When the soldiers stopped shooting, we took a road through the colony area towards Bhaiya's house. It was dusk and by then the Pakistan Army had surrendered to the combined forces at Sarwardy Uddayan.

In the twilight we could see people thronging the roads and embracing members of the Mukti Bahini. There were cries and laughter from every nook and corner.

Amma was restless. She reached Bhaiya's house and within five minutes was ready to return to our house. We followed her. Her eyes searched for her son inside every vehicle that passed us by. She was in a hurry to reach home hoping her son would be waiting there.

The house was empty when we returned. The relatives had left. Suddenly Amma lost that smile she wore on her face since she had announced the news of the surrender. She did not speak much that evening.


Debdas Chakraborty, Memories of Liberation War 2, oil on canvas, 99x110cm, 1973. Image: Courtesy

I was awakened in the middle of the night and asked to make tea. There sat Bhaiya and my brother in a red shirt looking exhausted and worn. He smiled and said he did not have time and would leave soon. He had gone to Bhaiya's place and heard we were out looking for him. Soon they left and we waited for my brother to return. But he did not return the next day. But we knew he would.

My brother has long been dead. Years have passed. We got busy with our lives, trying to move on, to preserve some sanity, to rebuild our lives. Amma has aged and continues to grieve for her son who she lost under controversial circumstances. Since then, life has never been the same for her, or for us. I often wonder if Amma remembers that day's incidents and if she has forgiven those responsible for his death, because I have not.

The journey to my work made me take that same road we had taken on December 16, 1971 every morning and afternoon for many years. Every time I passed by that house, the memories rushed back. Often, I could not hold back the tears remembering my mother's urgent pleading with the owners of that house to allow us to stay indoors for a while and the way they pushed us out. All Amma had requested was to let us inside till the situation had calmed down a little. I still remember the humiliation, the fear, the heartbreak my mother went through that evening. There she was, a young mother excited that her country was finally free and relieved that she would not have to hide her teenage daughters night and day. Her love for freedom had taken her to the streets and there she was faced with a Bengali family who refused a momentary sanctuary to a frightened family who had nowhere else to go.

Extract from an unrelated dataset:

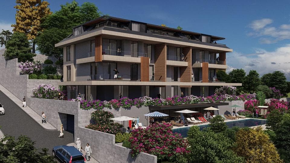 अलान्या हस्बाचे में बिक्री के लिए पूल और 2, 3, 4 बेडरूम वाले अपार्टमेंट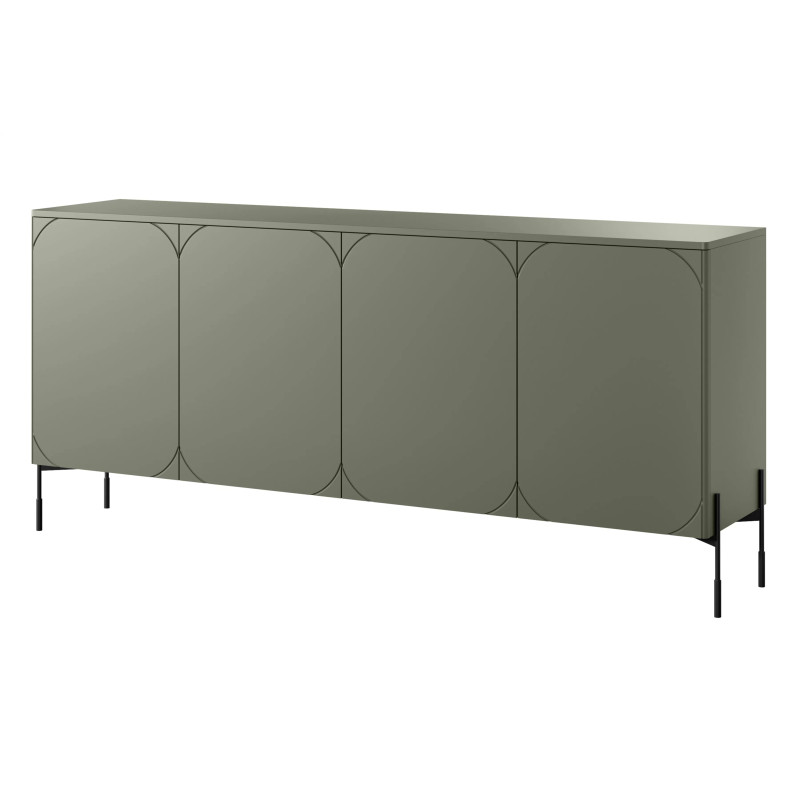 Komoda Sonatia to elegancki mebel, który łączy nowoczesny design z funkcjonalnością. Wykonana z wysokiej jakości materiałów, takich jak płyta MDF oklejona folią PCV oraz płyta laminowana, zapewnia trwałość i odporność na zarysowania. Dzięki matowemu wykończeniu w kolorze oliwkowym, komoda emanuje subtelnym, ale wyrazistym charakterem, który doskonale wkomponuje się w nowoczesne wnętrza. Czarne, metalowe nóżki o wysokości 20 cm dodają lekkości całej konstrukcji, podkreślając jej stylowy wygląd.

But I have other memories of extraordinary kindness in times of extraordinary horror and inhumanity. I still remember the bearded man who did not hesitate to give us shelter in the verandah in his house at Jinjira when we had left Dhaka after the curfew was lifted for a short time on March 27, 1971. I remember the thousands of people who were given shelter and food by the very ordinary and poor people all over Bangladesh. I remember the kindness and affection showed by the locals when we returned under curfew on the evening of April 2, the day Jinjira was attacked. When people could not come out to help they had extended their hands over their gates and walls with jugs and pots and glasses of water for those who were able to cross the river and return to Dhaka after a horrifying experience.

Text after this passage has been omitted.